Gen AI Architecture (Entities and Flows) v1.3
This page describes how Gen AI entities work together at runtime and where configuration and governance live. Use it as a companion to concepts, how‑tos, and quickstarts.
Entities and relationships
- Assistant → orchestrates retrieval and tool use to fulfill the directive.
- Ruleset → constrains Assistant behavior (policy, tone, safety).
- Knowledge → knowledge bases (embedded content) + retrievers (hybrid search) + data lake inputs.
- Tools → enable actions and integrations via authenticated, typed interfaces.
- Structures → reusable building blocks (tasks, pipelines, workflows) called by Assistants.
- Threads → capture state and execution trace (prompts, retrievals, tool calls, outputs).
Entity docs:
Control and data flows
User/App → Assistant → (Retriever → Knowledge Base) → Model endpoint └→ (Tool call → API/service) ↳ Thread (state, trace)
Flow
- User or app calls the Assistant with a directive/input.
- Assistant retrieves context via the configured retriever and knowledge base(s).

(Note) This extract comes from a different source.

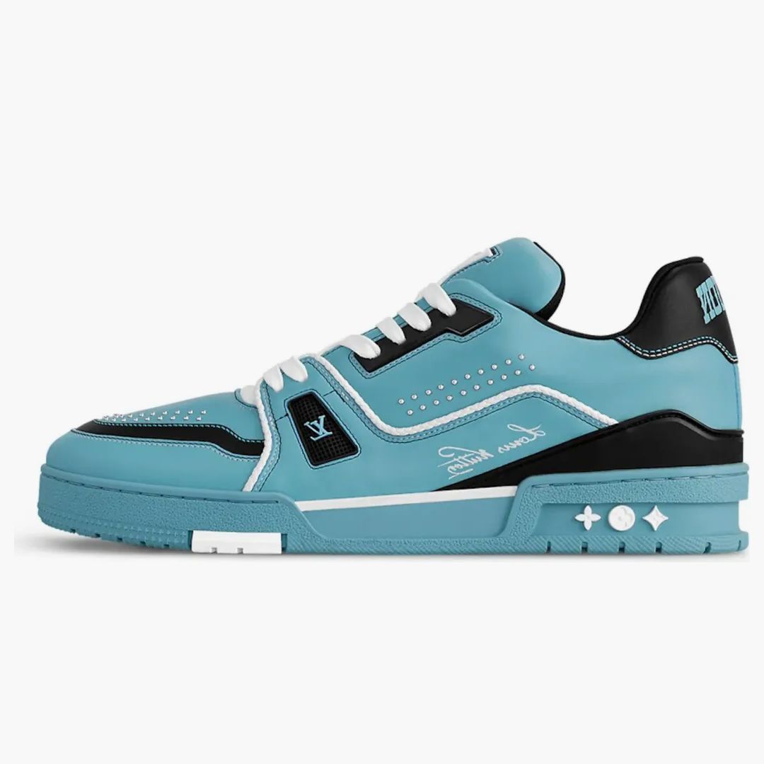 The Louis Vuitton LV trainer in the fascinating color combination 'Teal Blue Black' combines timeless elegance with urban flair. Inspired by classic basketball design, this sneaker streetwear lifts to a new level. Every detail reflects the incomparable craftsmanship for which the Louis Vuitton brand is known. The precise workmanship and the striking style make this shoe an indispensable addition to any high-quality sneaker collection. Enjoy the comfort and the exclusive look that gives every outfit that certain something.Authenticity Guaranteed

- Assistant optionally invokes Tools to gather data or perform actions.
- Assistant calls the model endpoint for generation, grounded on retrieved context.
- Thread captures prompts, retrieved chunks, tool I/O, and responses for audit and debugging.
Endpoints and models
- Use private Model Serving endpoints for Sovereign AI.
- Internal calls use cluster‑local DNS; external calls use portal + access keys.
- Operation paths: chat (
/v1/chat/completions
), embeddings (/v1/embeddings
), rerank (/v1/ranking
). - Client patterns: OpenAI‑compatible or raw HTTP; see access guide and Python client quickstart.
Governance and observability
- Governing inputs: knowledge curation, retriever filters, tool scopes, rulesets.
- Observability: use Threads and platform metrics/logs to debug and monitor.
- Auditability: Threads provide a durable record of decisions and data use.